What follows is another response to the spiritual questions of sexually abused children:
God never sends radical suffering
If God’s love is unconditional, then how could God allow such horrors to happen? Popular theological ideas that God has a reason for everything that happens, or that God sends suffering to strengthen or test us, cannot look this kind of maiming in the eye. The idea that we draw to us the things we need for our spiritual growth is particularly horrendous when we consider child sexual violation. Many victims of childhood trauma never recover in this life; their souls remain locked in self-hate and isolation. More than a few commit suicide.
Elizabeth Johnson uses Wendy Farly’s definition of “radical suffering” as “an assault on one’s personhood as such” and as that in which “the soul itself is so crippled that it can no longer defy evil” Child sexual abuse is prime example of this kind of suffering. Only a belief that God never sends radical suffering for any reason makes sense of a loving God. Wuellner sorts through this issue in a helpful way. She says that there are two kinds of suffering into which God may invite us. One is that which may be the result of a freely chosen call (and then it only remains God’s will if we also thrive in it).
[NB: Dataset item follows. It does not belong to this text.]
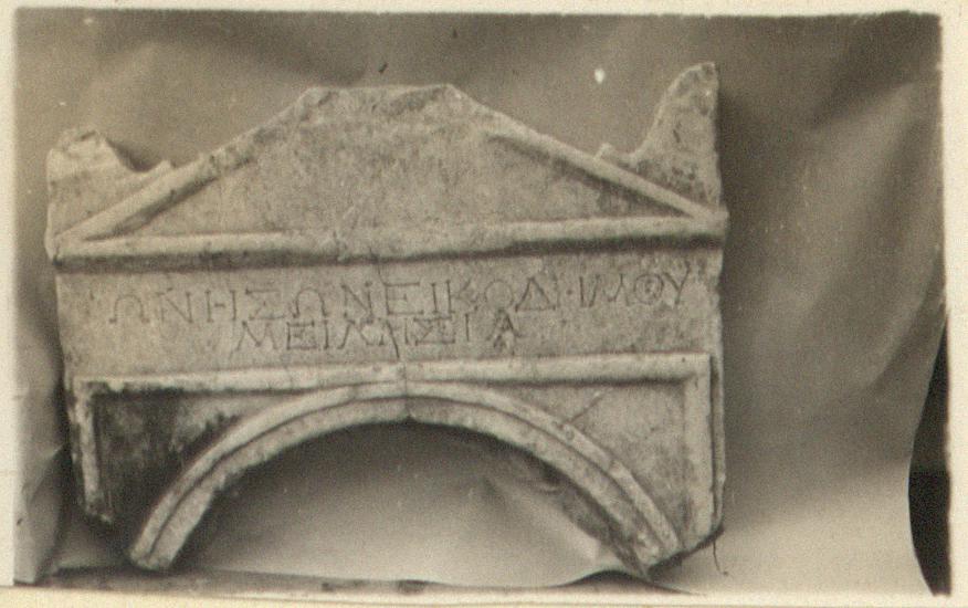 | Description: | Upper part of grave stele with inscription. A grave stele with pediment top; broken at bottom. Inscription of two lines, and arch over niche for relief, preserved. Pentelic marble. | |
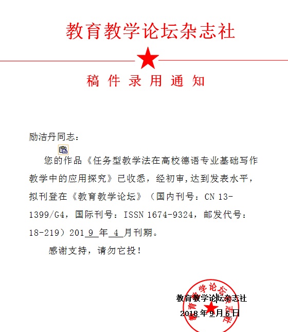 励洁丹 --- 《任务型教学法在高校德语专业基础写作教学中的应用探究》录稿通知

The other is that which comes from growth and healing. The painful healing process from abuse is certainly an example. Beyond these two kinds of suffering which we may freely choose to embrace, as Wuellner puts it, “It is an ancient and evil heresy that God sends our tragedies.” 
 Wendy Farly, Tragic Vision and Divine Compassion: A Contemporary Theodicy (Louisville, Ky.: Westminster/ John Knox Press, 1990) 53-55, as quoted in Johnson’s She Who Is, 249.
 From notes taken in her course on Prayer and Human Wholeness at the Church Divinity School of the Pacific in Berkeley, Ca. in 1991.
 Wuellner, Heart of Healing Heart of Light, 30.